You can avoid coke but approximately every brand in the supermarket is funding ad-tech. And even if you can find brands that don't, your supermarket is likely funding ad-tech to advertise itself so you can't go to there at all. Maybe you still have a farmer's market but chances are that they're advertising online.

You can't buy a car or any smartphones you've ever heard of, you won't find an ISP that doesn't advertise online, and good luck finding a decent job without supporting ad-tech.

cogman10 6 hours ago | parent | next [-]

There's a large difference in the magnitude of spending.

A big chain like kroger, for example, is spending around 10 to 100M. Coke is spending around $5B.

Avoiding national branded products goes a long way in avoiding contributing to the problem.

Things don't need to be all or nothing.

homeslice69 5 hours ago | parent [-]

Coke is always a discretionary purchase. Basic food staples are not. Kroger relies on national brand advertising to lure people from the perimiter of the store into junk food land.

cogman10 3 hours ago | parent [-]

Most (maybe not all) basic food staples have store brand alternatives. Even junk food does. Sometimes (maybe even often) those products are just repackaged version of the name brand.
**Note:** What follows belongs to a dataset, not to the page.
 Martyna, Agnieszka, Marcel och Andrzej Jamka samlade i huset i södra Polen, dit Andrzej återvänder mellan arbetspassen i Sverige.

If the goal is to decrease money going into advertisement budgets, then the best thing you can do is buy store brand when possible. Even if both products are ultimately made from Nestle corp, the cheaper store brand will send less money into Nestle's pockets which means less money for advertising.
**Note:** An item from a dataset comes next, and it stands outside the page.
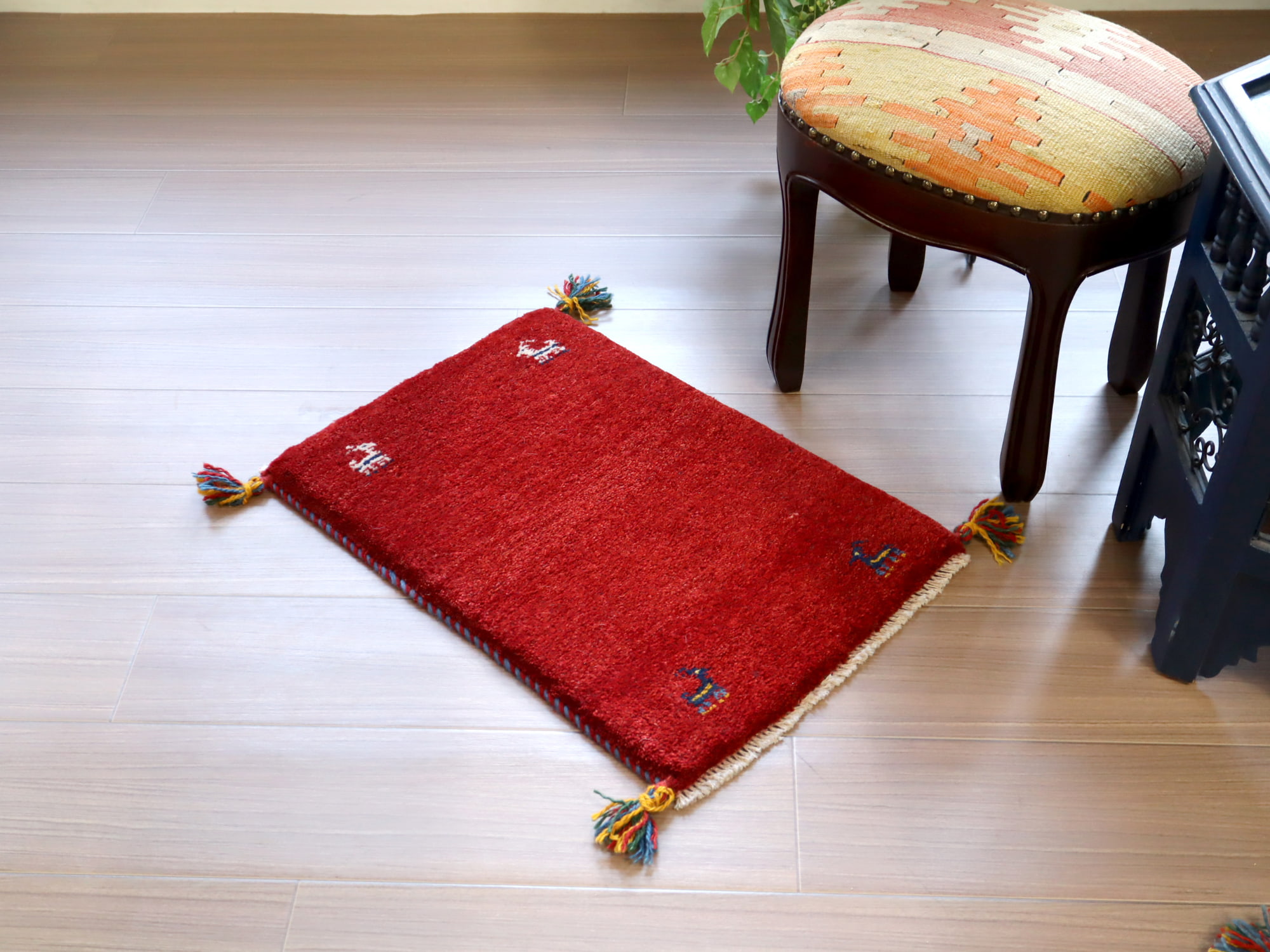 - ギャッベ 手織り イラン産 58x40cm レッド 赤 シンプル 無地

That's what I mean by "avoiding nationally branded products". A package of "signature frozen peas" will taste just as good as the "birds eye green peas" without sending money to a major company (Looks like all the major companies have spun off their frozen food departments, but at one time this was a Nestle brand. I spent too much time looking into major frozen food brands :D).

The advertisement budgets for the grocers are simply a lot smaller than that of the national brands across the board. It also doesn't seem (to me at least) to have been really spent on invasive advertisements.